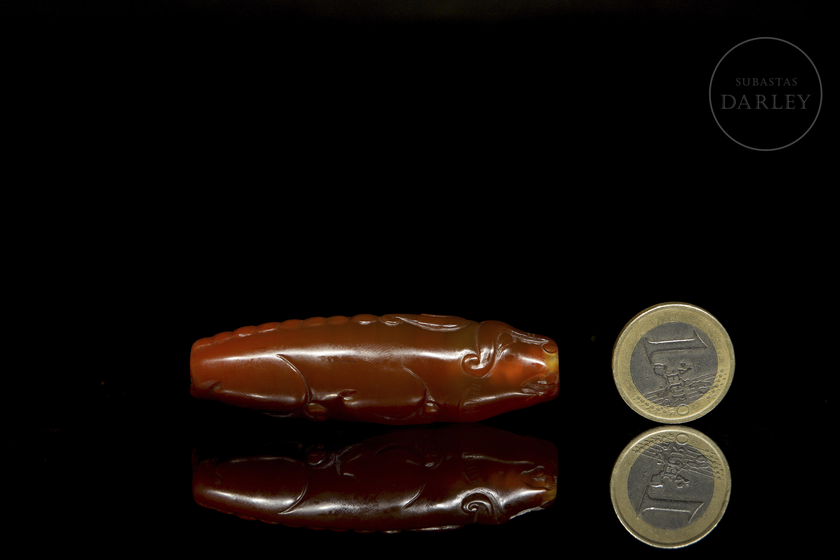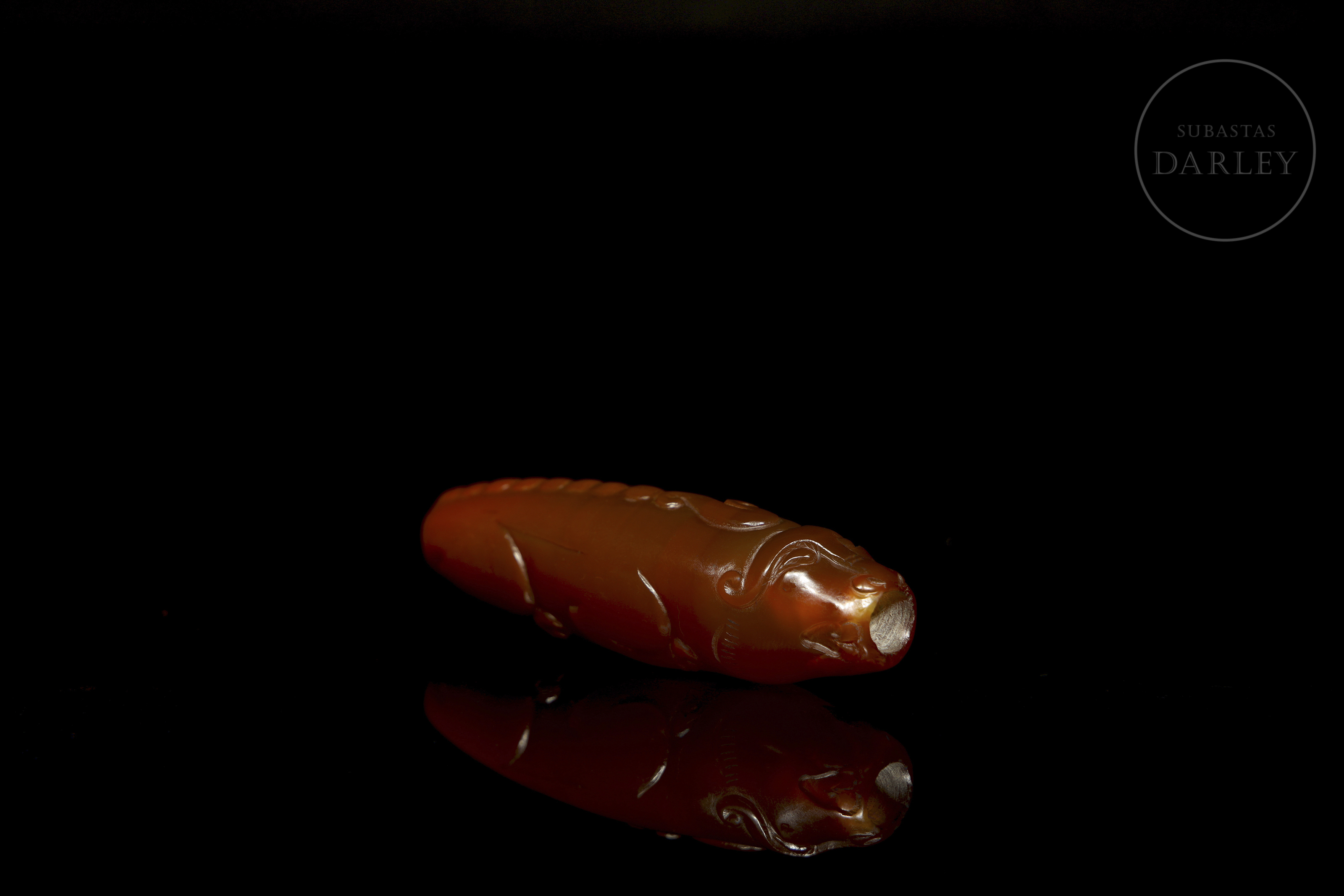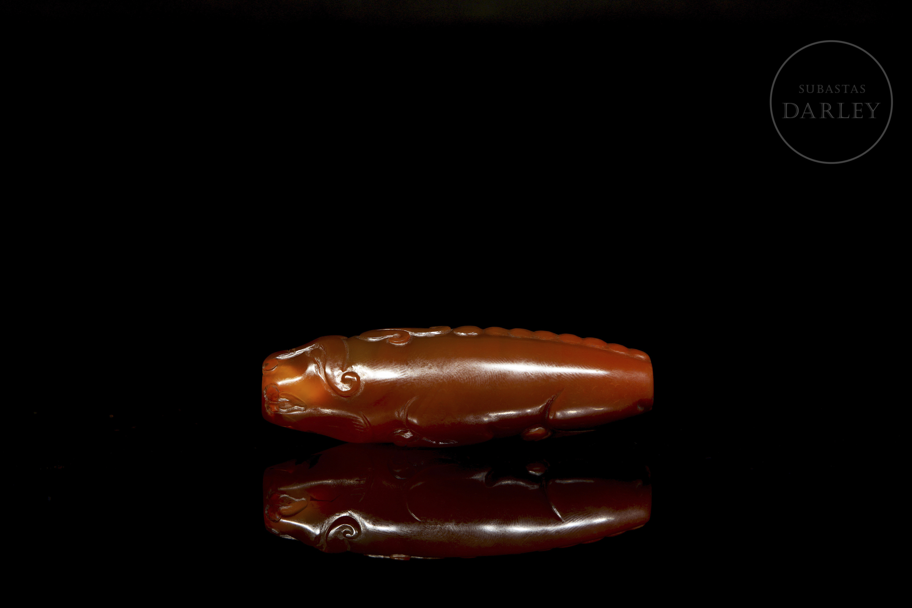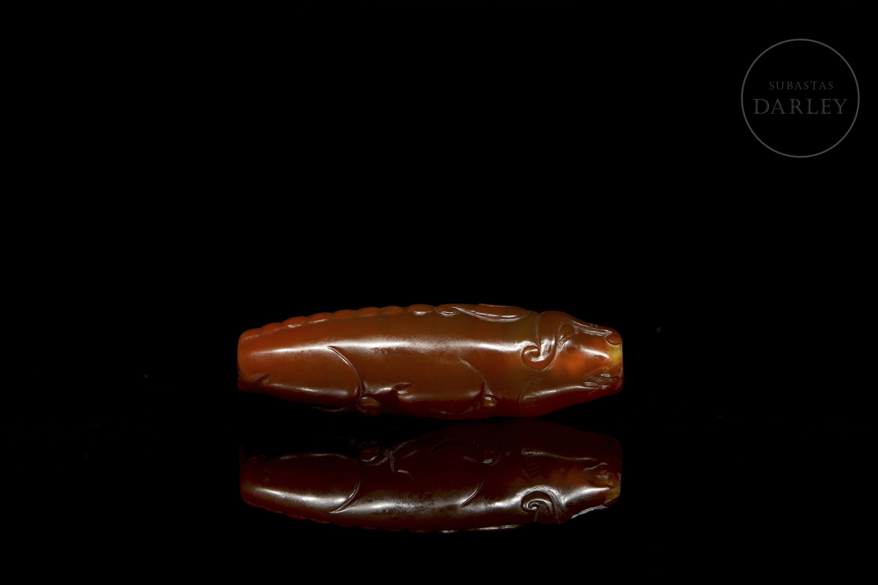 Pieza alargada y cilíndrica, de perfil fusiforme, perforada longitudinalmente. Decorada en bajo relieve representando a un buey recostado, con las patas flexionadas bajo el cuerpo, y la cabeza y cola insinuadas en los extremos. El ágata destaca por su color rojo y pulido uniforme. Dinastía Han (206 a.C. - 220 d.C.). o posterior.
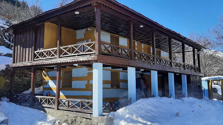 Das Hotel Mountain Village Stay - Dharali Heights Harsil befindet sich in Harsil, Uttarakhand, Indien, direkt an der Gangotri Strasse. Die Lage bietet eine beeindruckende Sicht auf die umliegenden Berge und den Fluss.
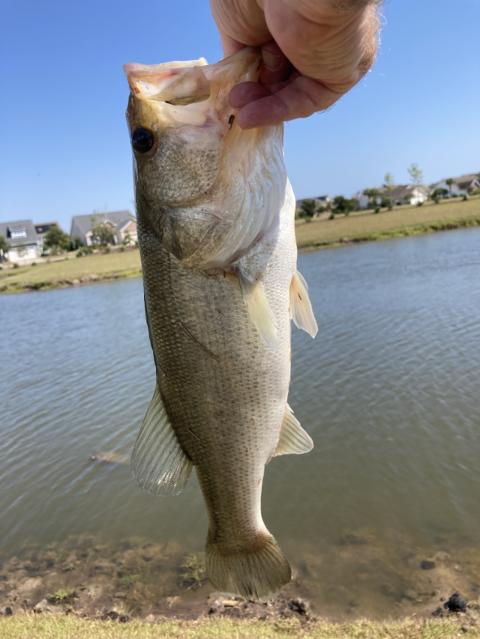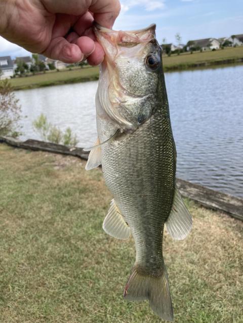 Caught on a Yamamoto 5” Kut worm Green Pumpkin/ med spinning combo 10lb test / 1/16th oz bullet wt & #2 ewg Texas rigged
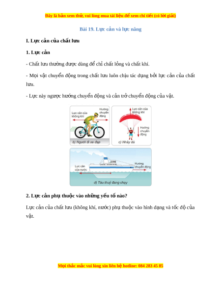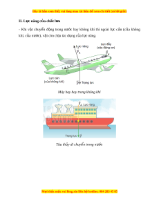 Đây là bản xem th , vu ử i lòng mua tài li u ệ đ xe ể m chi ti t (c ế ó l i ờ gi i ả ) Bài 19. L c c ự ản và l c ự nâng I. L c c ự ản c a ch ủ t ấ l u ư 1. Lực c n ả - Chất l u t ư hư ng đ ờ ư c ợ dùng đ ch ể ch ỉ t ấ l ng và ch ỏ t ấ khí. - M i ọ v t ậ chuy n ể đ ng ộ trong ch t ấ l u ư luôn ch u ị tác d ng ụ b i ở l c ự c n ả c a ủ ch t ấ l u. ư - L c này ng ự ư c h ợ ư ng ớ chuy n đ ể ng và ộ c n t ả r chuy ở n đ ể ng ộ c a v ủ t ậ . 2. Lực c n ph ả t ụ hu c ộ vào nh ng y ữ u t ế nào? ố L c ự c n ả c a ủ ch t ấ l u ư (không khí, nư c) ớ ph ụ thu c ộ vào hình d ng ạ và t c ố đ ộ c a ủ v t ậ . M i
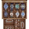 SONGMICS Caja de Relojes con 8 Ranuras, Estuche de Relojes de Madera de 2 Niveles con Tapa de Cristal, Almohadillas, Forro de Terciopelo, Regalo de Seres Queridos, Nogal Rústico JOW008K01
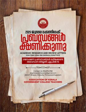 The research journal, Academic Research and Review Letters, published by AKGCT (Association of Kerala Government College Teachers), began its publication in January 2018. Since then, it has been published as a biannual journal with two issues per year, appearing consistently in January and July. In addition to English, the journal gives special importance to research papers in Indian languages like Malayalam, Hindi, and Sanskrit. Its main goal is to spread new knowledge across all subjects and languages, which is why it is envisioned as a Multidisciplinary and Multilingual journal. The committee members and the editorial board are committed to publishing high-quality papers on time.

━━━━━━━━

__Exercise description__: Retype exactly, and only, the lines from the one containing "SONGMICS Caja de" through the end of the records above. Pictures stay out of the copy.

__Written solution__:
 SONGMICS Caja de Relojes con 8 Ranuras, Estuche de Relojes de Madera de 2 Niveles con Tapa de Cristal, Almohadillas, Forro de Terciopelo, Regalo de Seres Queridos, Nogal Rústico JOW008K01
 The research journal, Academic Research and Review Letters, published by AKGCT (Association of Kerala Government College Teachers), began its publication in January 2018. Since then, it has been published as a biannual journal with two issues per year, appearing consistently in January and July. In addition to English, the journal gives special importance to research papers in Indian languages like Malayalam, Hindi, and Sanskrit. Its main goal is to spread new knowledge across all subjects and languages, which is why it is envisioned as a Multidisciplinary and Multilingual journal. The committee members and the editorial board are committed to publishing high-quality papers on time.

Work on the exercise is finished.